Even with shipping this much daily, the production amount of fuki on the Chita Peninsula has been decreasing every year. Last year, the JA Aichi Chita saw 550,000 boxes (four kilograms per box) of fuki shipped, but this is only one-fourth of the quantity of roughly 20 years ago. The 200 fuki farmers have been reduced to only 70.
“The waves of the aging society and declining birthrate are hitting us, as there is nobody available to carry on the farms. Although fuki is produce that provides a good yield, stabilizing the crop may be challenging for new farmers.”
Another reason for decreasing production is the changes in eating habits of the Japanese.
“These days it is rare to see fuki dishes on a standard household’s dinner table. The famous children’s song Obento-bako no Uta (the lunch box song) has a line featuring fuki. That is how popular the veg-etable used to be in the past.”

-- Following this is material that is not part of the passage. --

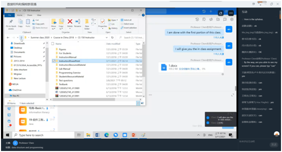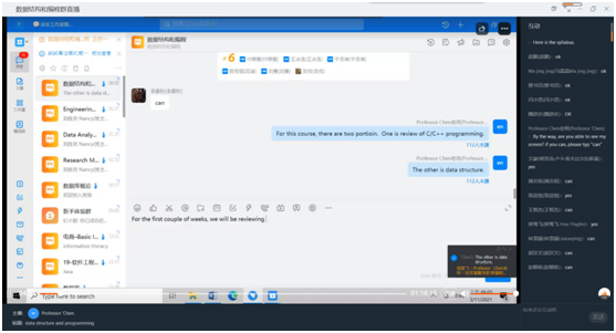 Chen老师利用线上教学软件,在钉钉平台上为软件工程的员工开展《数据结构与编程》教学。在课堂上,有着丰富教学经验的Chen老师用幽默灵活的教学方式进行授课,受到了员工们的欢迎与喜爱。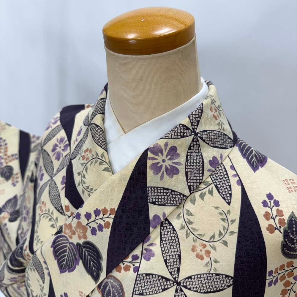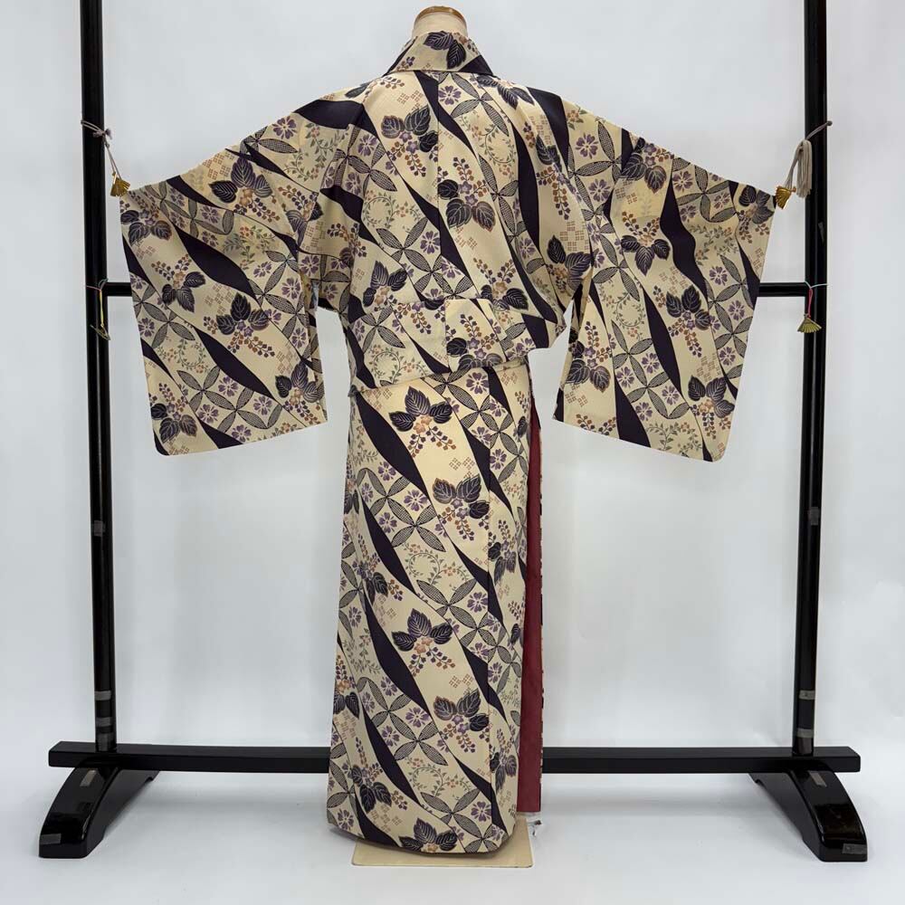 小紋 単衣 洗える着物 幅広 大きい 裄68cm 身丈163cm 花柄 お洒落着 普段着 ポリエステル 紺 クリーム 美品 L サイズ 4586

Toshinobu speaks a matter-of-factly with a serene expression, and adds “We need to stay strong here, as the Chita fuki is the best in Japan.”
The Fuki Division and JA Aichi Chita have been developing new packaging for smaller portions, and implementing sampling at supermarkets to promote fuki to the consumers. They are attempting a comeback, with the goal of having fuki on everyone’s table once more.

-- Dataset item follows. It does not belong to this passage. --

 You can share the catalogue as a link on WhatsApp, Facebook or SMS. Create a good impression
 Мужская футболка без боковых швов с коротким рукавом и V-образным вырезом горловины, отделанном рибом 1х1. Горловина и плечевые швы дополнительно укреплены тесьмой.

Aichi Wase Fuki (greenhouse-grown)Source：Yuji Kojima, JA Aichi Chita
Haru fuki : February to May
Aki fuki : October to January
Fuki with green leaves and stems that are sturdy and straight
How to enjoy them
Along with the staple simmered dishes and kyarabuki (fuki boiled in soy sauce), fuki kakiage (mixed tempura) is also recommended. Remove the fuki strings and mince before mixing with ingredients such as carrots, onions, and shrimp. Deep-fry the mixture to make a kakiage. The fuki aroma stays strong, even if it is deep-fried thoroughly. The modern fuki is now much milder than in the past, and there is no need to remove the harsh taste before cooking items such as kakiage.